Enhancing Depth/Tea-staining (right picture): Using the same base color, tint it darker with some black paint. Using a detail paint brush, paint in all the cracks, holes and lines. This helps give the stone depth.

Water down your remaining depth paint a lot and dip your 2" brush in it so it is very wet. Starting at the top of the arch while is vertical, 'wash' the stone. The paint should drip down the arch face so it gets that weathered look. Repeat the 'tea-staining' step a few more times only in the inner doorway. This helps give the inner doorway even more depth than the outer doorway so you get the illusion that the door is bigger and deeper than it really is.











Drybrushing: Take some white paint and darken it slightly with the base paint. Using a very large brush, dip it in the paint and dry it off well with paper towels. Then brush lightly over the gate to highlight any raised sections of the stone. This will give the foam a stone-like appearance. Do less highlighting (drybrushing) on the inner doorway to keep the depth illusion. But do more on the outside column to help that stand out.










Detail Painting: To give the appearance that lichen and moss stained the stone over centuries, you will be adding pops of color. Using Raw Sienna paint and your 2" brush, mix with a little white and lightly paint a few sections of the stone. Then using green paint, mix with a little white and paint other sections.

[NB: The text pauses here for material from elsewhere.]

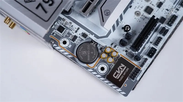 在集成声卡这边,七彩虹 CVN Z790M FROZEN D5 V20 战列舰 DDR5给声卡芯片加上了独立的屏蔽罩、音频分割线以及音频专用电容,音质表现纯净动听。
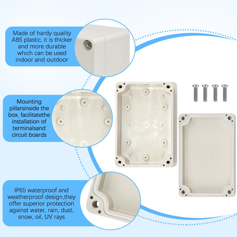 【Non toxique et étanche】: La boîte de jonction est complètement non toxique et ne produit pas de substances nocives. comédie Palpiter prochainement boites de raccordement electrique Semis Innocence Cette boîte est résistante à la poussière et à l'eau, le degré de protection est IP65, bonnes performances d'étanchéité, longue durée de service. Avis clients 【Boîte de jonction de protection IP66】: Cette boîte électrique est résistante à la poussière et à l'eau, le degré de protection est IP66 et pourrait protéger efficacement la boîte. 【Matériau ignifuge】: La boîte de jonction en plastique ABS est faite d'un matériau ignifuge ABS de haute qualité, ce qui garantit une meilleure expérience d'utilisation. Descriptif Les boîtes de jonction sont dotées de presse-étoupes anti-traction accidentelle du câble, de connecteurs à vis. Pré-remplies en gel atoxique et non classé. Ultra compactes et prêtes à l’emploi. Toujours accessibles et réutilisables 【Bonnes performances d'étanchéité The: La boîte de jonction en plastique ABS IP66 a de bonnes performances d'étanchéité, avec une longue durée de service. Le forfait comprend : 1 x boîtes de jonction étanches Remarque : 1., Veuillez permettre une erreur de 1 à 5 mm en raison de la mesure manuelle. Boite De Dérivation Boîte De Jonction Boîtes électriques En Plastique Connecteur De Câble Protection Poussière Eau

Paint Plastic (left picture): Using cheap clear corrugated roof sheeting, determine the size you need for your stained glass opening and cut out using tin snips. Draw out your design using a Sharpie marker onto the cutout sections. Paint with the colors of acrylic paint you like using a 1/2" brush. Don't cover heavily because you want the LED lights to be able to glow through. Let dry and paint the 'lead lines' with a dark gray paint and thin brush.

Install Plastic and Lights (right picture): Fit into your opening (painted side down) and glue in using your glue gun. If there are any gaps you can fill them in with moss by gluing it in with the hot glue gun.

Lay out your LED lighting and hot glue into place being sure to have the plugs on the outside. Duh.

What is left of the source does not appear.